As used in this Agreement, the term “Date of Termination” shall mean (i) if Executive’s employment is terminated by his death, the date of his death, (ii) if Executive’s employment is terminated by
the Company for Cause, the latest of the date on which Notice of Termination is given as contemplated by Section 7(e), the date of termination specified in such notice and the date any applicable correction period ends, (iii) if
Executive’s employment is terminated by the Company Without Cause due to Executive’s Disability or by Executive for any reason, the date that is 30 days after the date on which Notice of Termination is given as contemplated by
Section 7(e) or, if no such notice is given, 30 days after the date of termination of employment, and (iv) if the Company delivers a Non-Extension Notice during the Initial Term, the earlier of the specific date of termination
provided in such Non-Extension Notice and the date on which the Initial Term expires as provided in Section 2(b) hereof. 
 (h)
Resignation upon Termination. Effective as of any Date of Termination under this Section 7 or otherwise as of the date of Executive’s termination of employment with the Company, Executive shall resign, in writing, from all Board
memberships and other positions then held by him with the Company or any of its Affiliates. 
 (i) Cessation of Professional Activity.
Upon delivery of a Notice of Termination by any party, the Company may relieve Executive of his responsibilities described in Section 2(c) and require Executive to immediately cease all professional activity on behalf of the Company.

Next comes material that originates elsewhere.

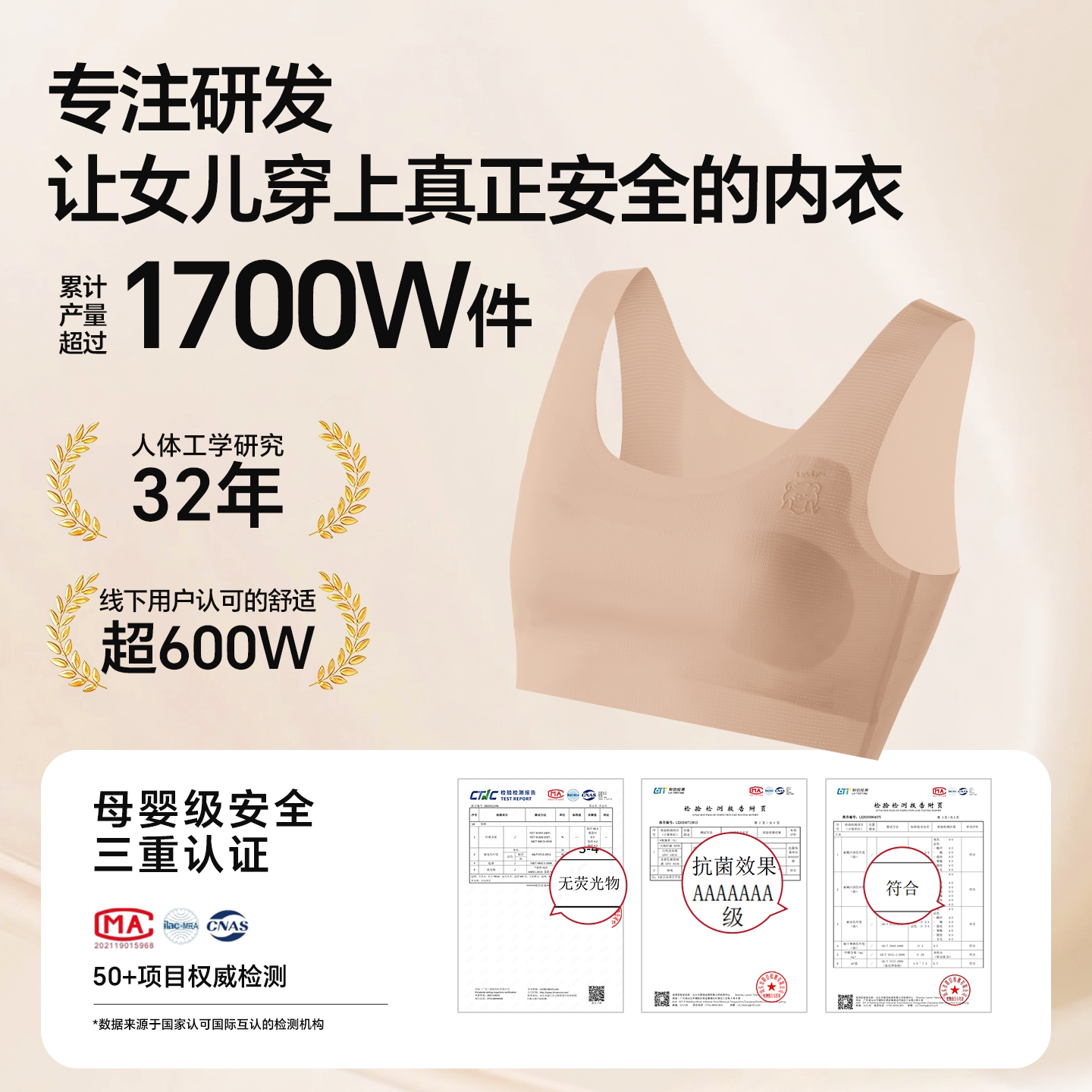 ubras儿童likeuu少女内衣粉底液隐形文胸学生女大童发育期小背心

 Section 8. Restricted Covenants 
 (a) Unauthorized Disclosure. From the date hereof, and during any period of employment with the Company or any of its Affiliates and the 10 year period following any termination thereof, without the prior written consent of the Board
or its authorized representative, except to the extent required by an order of a court having jurisdiction or under subpoena from an appropriate government agency, in which event, Executive shall use his best efforts to consult with the Board
prior to responding to any such order or subpoena, and except as required in the performance of his duties hereunder, Executive shall not disclose any confidential or proprietary trade secrets, customer lists, drawings, designs, information
regarding product development, marketing plans, sales plans, manufacturing plans, management organization information (including but not limited to data and other information relating to members of the Board, the Company or any of its Affiliates or
to management of the Company or any of its Affiliates), operating policies or manuals, business plans, financial records, packaging design or other financial, commercial, business or technical information (a) relating to the Company or
any of its Affiliates or (b) that the Company or any of its Affiliates may receive belonging to suppliers, customers or others who do business with the Company or any of its Affiliates (collectively, “Confidential
Information”) to any third person unless such Confidential Information has been previously disclosed to the public or is in the public domain (in each case, other than by reason of Executive’s breach of this Section 8(a)).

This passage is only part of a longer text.